A Medley of Found Footage

This past week October began, and in keeping with the season building up towards Halloween, my friends and I began watching horror and Halloween themed films. While there are many more classics to watch as well as some new great and interesting stuff, a lot of what we have watched so far have been in the realm of the “found footage” subgenre.

There is a bit of a stigma around the found footage genre because it is a tough genre to do well. Unlike the more standard ways of shooting a film, found footage requires the camera(s) to be a fixed point, which can hurt willing suspension of disbelief when you start wondering why these people are still recording. This method of filming can easily come across as gimmicky and disorienting, so it’s difficult to do right.
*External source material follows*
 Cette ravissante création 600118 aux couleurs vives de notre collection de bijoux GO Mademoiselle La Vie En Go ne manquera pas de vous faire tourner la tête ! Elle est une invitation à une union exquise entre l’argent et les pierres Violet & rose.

They also have the more challenging task of making it feel authentic, as if what you’re watching could really be footage somebody just happened to find, and not an actual movie.

I want to talk about three movies we watched in particular — Chernobyl Diaries, Paranormal Activity: The Marked Ones, and The Blair Witch Project. I will touch on each briefly, and why I think they are strong or weak found footage movies.
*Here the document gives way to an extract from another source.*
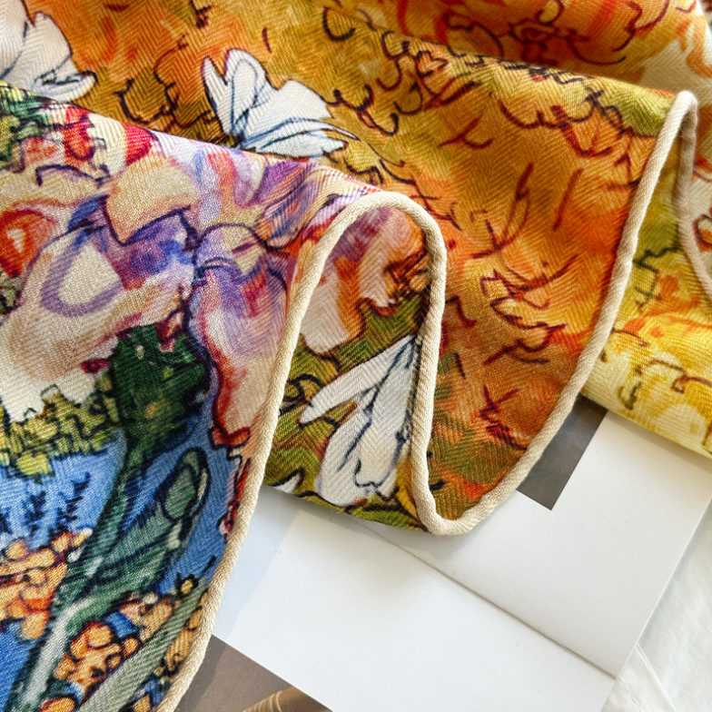 70% cashmere 30% silk Underwater World double side printed square Wrap shawl 53"

Chernobyl Diaries is an interesting example because unlike the other two, it is not technically found footage. It is shot to look like one, and the premise sets it up as one fairly well, but the director instead opted to have the camera perspective resemble somebody amongst the group holding a camera, without that being the case. It was a lot like the audience member is the extra person in their group, sitting in the car or running alongside them, except you are invisible and take up no space.

Although this was an interesting way to do it, which I’m ultimately pleased to have seen, it took me out of it a little to constantly remember that it wasn’t found footage, making the jarring movement of the camera sillier at times. It also ended up being a rather predictable movie plot-wise, leaving me wishing that it left some things more mysterious and open-ended.
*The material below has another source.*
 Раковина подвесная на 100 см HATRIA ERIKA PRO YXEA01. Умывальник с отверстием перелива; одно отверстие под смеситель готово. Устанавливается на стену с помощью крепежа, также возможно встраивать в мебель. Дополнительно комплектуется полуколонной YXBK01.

Paranormal Activity: The Marked Ones was interesting — I usually find the Paranormal Activity movies interesting — but it also highlighted a lot of what’s now wrong with the series and the damage it may have done to the subgenre. The first film I found to be genuinely scary and a very compelling watch, as well as the second one, but things have gone downhill significantly three sequels later.

A lot of what they do in the film is played out — especially since we know the nature of what’s going on if we’ve followed the series — and in place of creepy imagery and events, the film instead relies far more on jump-scares that aren’t even paranormal. The Paranormal Activity series having done something great with the subgenre at first and then simply becoming startle-fodder for people who want a cheap scare is disheartening.

The Blair Witch Project — which I’d seen, but a friend hadn’t — helped to re-establish what I find so great about found footage films in the first place. In my opinion, the best way to use this style is not to show something and make it look like real footage, but to show something vague, subtle, or even questionable, while creating the illusion that what you’re seeing is real. This is what made Paranormal Activity effective, which degraded with each film, and this is what makes The Blair Witch Project phenomenal to me. You see very little in the movie, but the human element of desperation and anxiety is so strong, and it is clear that something disturbing and abnormal is happening, so it makes the experience you’re viewing all the more terrifying.

The strength of the subgenre is uncertainty, because unlike other films, the physical lens through which you’re forced to view the story is a lot more flawed. This became so apparent to me when I was trying to sell my friend on the movie, and I made a point of mentioning that it is not a jump-scare movie. This is true of the film, making it all the more interesting as a case study for the subgenre. The Blair Witch Project is terrifying because of atmosphere, emotion, and uncertainty. They are people in a desperate situation, suffering terrifying experiences. Nothing jumping out during a quiet moment, no big horrific monster. Just lingering uncertainty and dread.